AGCO's Future Farm Grain and Poultry Learning Center, Lusaka, Zambia.
DULUTH, GEORGIA, U.S. — AGCO on Nov. 2 unveiled plans to realign its regional structure, setting the stage for an increase in the company’s on-the-ground presence in Africa as well as a further expansion of the company’s significant operations on the continent.

Effective Jan. 1, 2017, AGCO will restructure its Asia Pacific region to include Africa.

Gary Collar

“With this new move, the realigned Asia Pacific and Africa (APA) region will be strongly positioned to leverage the synergies of similar market dynamics in the two territories,” said Gary Collar, newly-appointed senior vice-president of AGCO and general manager, APA. “Among these key synergies are the emergence of a growing smallholder farmer segment, product and application similarities, shared consumer finance patterns and growing trade between the two regions.”

Collar has been responsible for all AGCO’s activities in the Asia Pacific region, which includes China, India, the Far East, Australia and New Zealand, since January 2012. He brings wide experience and in-depth knowledge of the African market to his expanded role, having previously held the position as senior vice-president of AGCO and general manager of Europe/Africa/Middle East for 7 years.

Nuradin Osman

The AGCO Africa team will be led by Nuradin Osman, who has been promoted to vice-president and general manager Africa. Osman will report to Collar.

To support the realignment and further boost service to customers and distributors, AGCO said it will open a new regional headquarters in Johannesburg, South Africa, in early 2017 and a new Future Farm in French-speaking West Africa. The initiatives are expected to complement AGCO’s existing parts distribution operation and training center in South Africa and Future Farm in Zambia.
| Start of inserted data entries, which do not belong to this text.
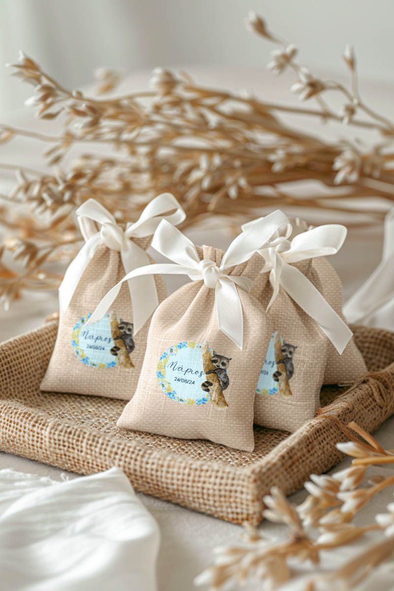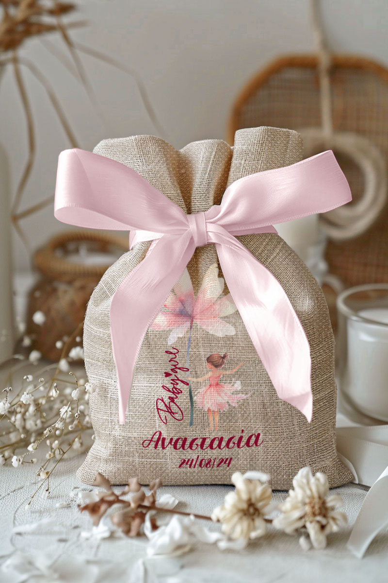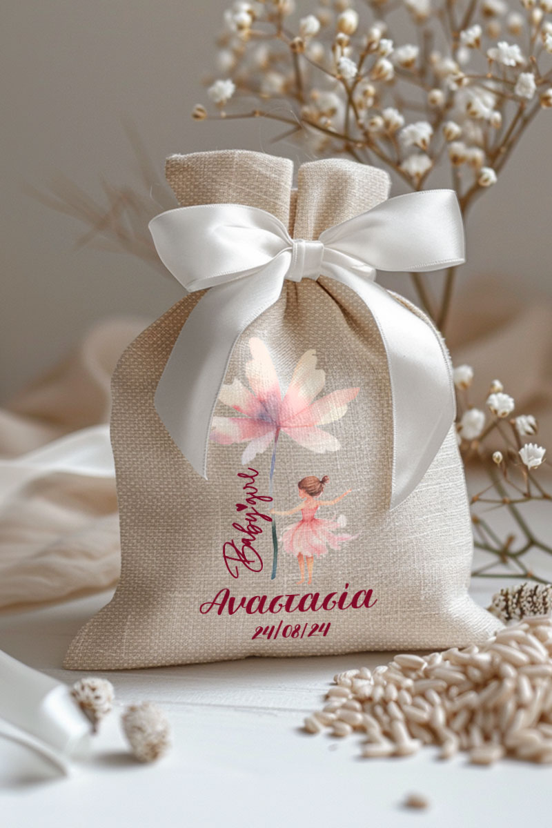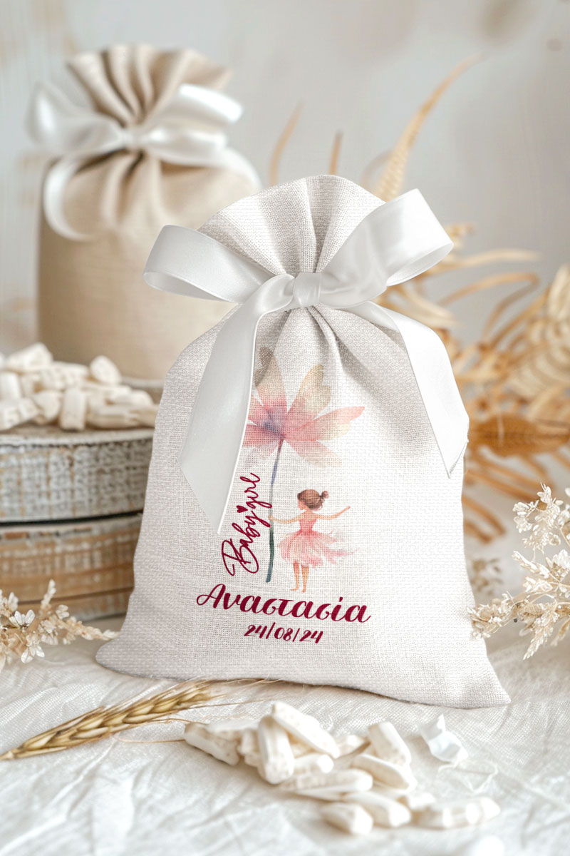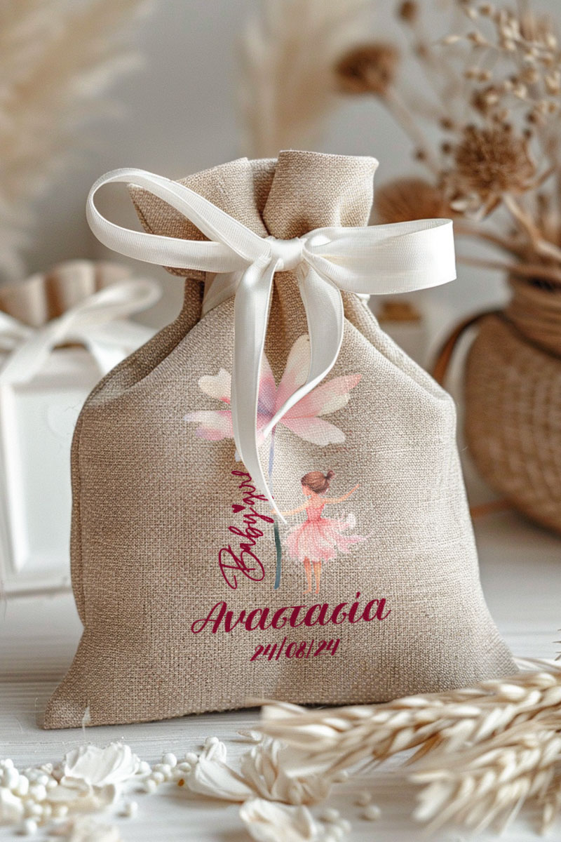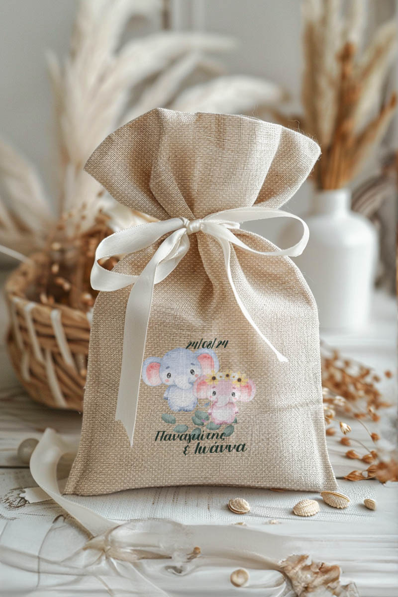 1.59€Μοντέρνες και Πρωτότυπες Μπομπονιέρες Βάπτισης με Πουγκί από Καμβά | Σετ Πουγκί, Εσωτερικό Τούλι & Κορδέλα Σατέν | Premium ποιότητα
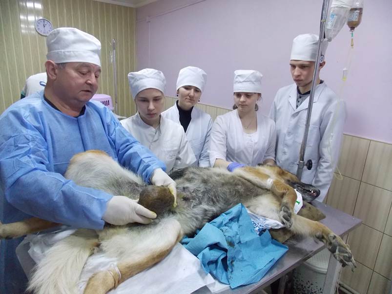 Спочатку гуртківці обговорили теоретичні аспекти даної патології, з якими ознайомилися попередньо. Згідно останніх повідомлень онкологів, рак молочної залози - це найпоширеніша форма раку в світі як в людей, так і самок тварин. Досить поширена – це м’яко сказано, адже пухлини молочних залоз займають чільне місце за частотою, що характеризуються несприятливим прогнозом. Серед тварин до цієї патології найбільш чутливі суки та кішки, а саме некастровані тварини віком від п’яти років. На початкових етапах утворення пухлини проходить безболісно і практично безсимптомно, тому рідко діагностується на ранніх стадіях. Згідно з дослідженнями науковців та практиків ризик розвитку пухлин молочних залоз суттєво знижується у разі, якщо самка кастрована до першої тічки. Це поліетіологічне захворювання, тобто його розвиток пов’язаний із впливом різних факторів, серед яких генетичний чинник та гормонотерапія посідають перше місце. Оперативне втручання у 12-річної німецької вівчарки розпочинали із збору анамнезу та клінічного дослідження тварини. Визначили коли з’явилася пухлина, з’ясували чим хворіла тварина, перевірили основні клінічні показники. Урахували можливі ускладнення під час операції та можливість виникнення післяопераційних ускладнень. Акцентовано, що можливість проведення оперативного втручання вирішує не вік тварини, а функціональний стан органів та систем організму. У результаті обстеження встановили, що операцію можна провести під загальним наркозом, доповнивши її місцевою анестезією.
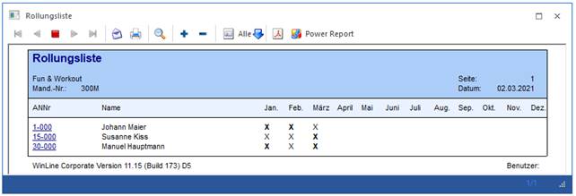 Aus der Auswahllistbox kann gewählt werden, ob die Ausgabe am Bildschirm oder am Drucker durchgeführt werden soll. Standardmäßig wird die Ausgabe auf Bildschirm vorgeschlagen, die auch durch Drücken der F5-Taste gestartet werden kann. Als Ergebnis erhält man eine Liste aller AN, die in der ausgewählten Periode gerollt wurden. Dabei wird für jeden Monat, in dem eine Rollung durchgeführt wurde, ein X angezeigt.
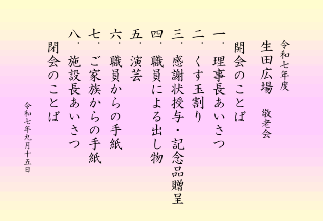 今後も生田広場に集う皆さまおひとりおひとりがご自分らしく、温かく穏やかに時を重ねることができますよう職員一同努めさせていただきます。今後ともよろしくお願いいたします。
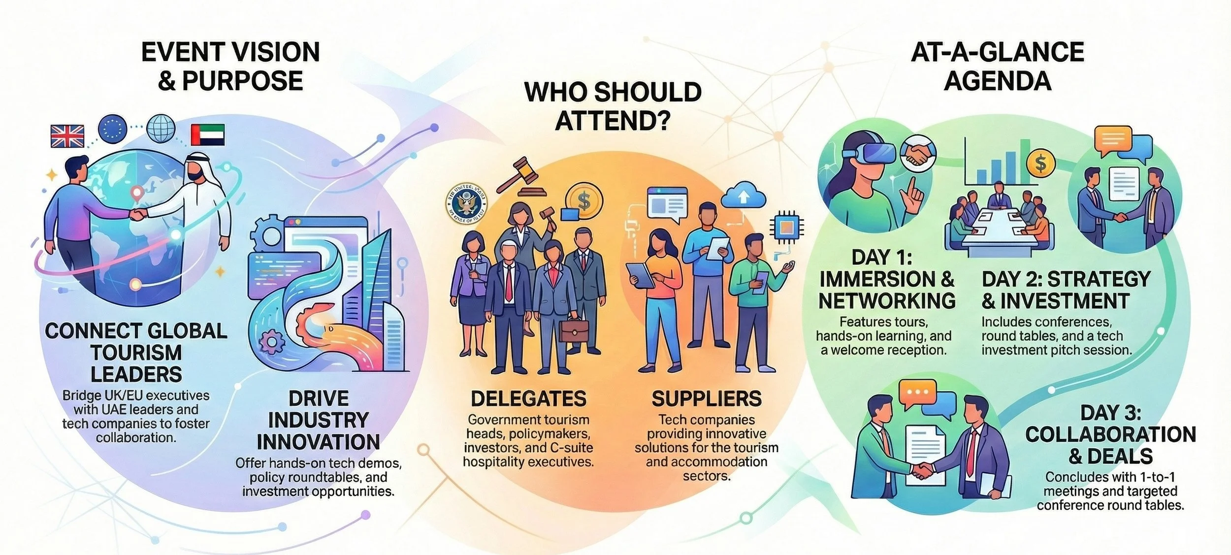 Engage in focused 1-2-1 meetings with industry peers and innovators, attend inspiring conference sessions, and conclude the event with a wrap-up, reflecting on key insights and future opportunities in tourism & technology.

“The new regional structure will build on the significant progress that AGCO has made over recent years and further drive our customer service and business growth in Africa,” said Osman, who has been with AGCO for 12 years and has a solid track record in growing the company’s business in Africa. Prior to this new appointment, he was AGCO director of operations for Africa and the Middle East. In his new role, Osman will have overall responsibility for all AGCO companies and brands in Africa with the exception of AGCO’s manufacturing operation in Algeria, which is subject to a separate joint venture.

“Our core farm equipment brands, which include Challenger, Fendt, GSI, Massey Ferguson and Valtra, are playing a critical role providing sustainable and inclusive mechanization solutions to boost the development of agricultural productivity on the African continent,” Osman said. “Our full line of mechanization, grain storage, seed processing and protein solutions support the complete spectrum of farmers from the emerging sector through to large, professional agribusinesses. As a result of continued investment in product, people, facilities and capacity-building, AGCO’s net sales have grown significantly on the continent in the past six years.”

Net income at AGCO in the third quarter ended Sept. 30 totaled $40 million, equal to 50¢ per share on the common stock, down 40% from $67.1 million, or 77¢ per share, in the same period a year ago. Net sales increased slightly to $1.761 billion from $1.736 billion.

Net sales in AGCO’s Asia/Pacific region, excluding the negative impact of currency translation, increased nearly 19% in the third quarter of 2016 compared to the same period in 2015 due primarily to increased sales in China and Australia. Income from operations improved approximately $29.3 million in the first nine months of 2016, compared with the same period in 2015, due to higher sales and production levels in China.